I’ve never run into that problem, but I usually redirect cron mail by setting a mail alias for the user running the job. That might be why.
I think cron’s MAILTO
setting is only meant for usernames. In Ubuntu 24.04 man 5 cron
says this:
If MAILTO is defined (and non-empty), mail is sent to the user so named.
The example there only sets it to a username, not a full email address.
None of that explains why it’s adding the username to the outgoing address though. It should be prepending it to whatever Postfix has myhostname
set to.
I did notice that it never really calls out the ability to send mail outside of the local spool, but mailto should work with a fully-qualified email address (and does on every other system I run and have run.)
I have to assume there's some sort of bug in this version of cron when combined with a postfix relay running on the same machine. For now, I just have mailto set to "", and all of the jobs redirected to a file on the network where I just need to remember to look at it once in a while.

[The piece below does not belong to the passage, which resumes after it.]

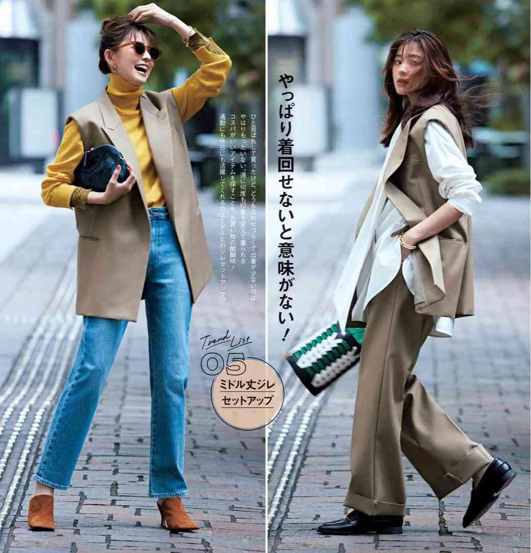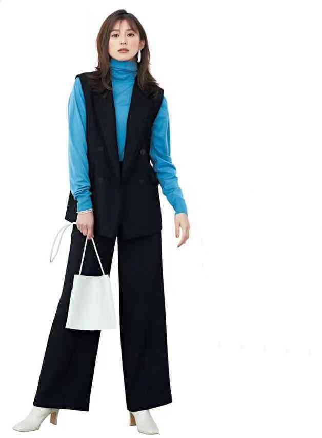 西裝馬甲套裝,一般以褲套裝、裙套裝出現(xiàn)。褲子利落、裙子優(yōu)雅,坐實(shí)2種風(fēng)格穿搭。比如,沉穩(wěn)黑色馬甲褲套裝,內(nèi)搭藍(lán)色高領(lǐng)衫,撞色驚艷。

I may just remove the mailto variable altogether and see if it dumps mail into the local user spool.
I may just remove the mailto variable altogether and see if it dumps mail into the local user spool.
That’s what I would try right away. If it makes it there try setting an alias for that user.
As long as I can get the information somehow, I should be good.
It has the added benefit of removing all the errors from the mail.log...
Will make some changes later and see what happens.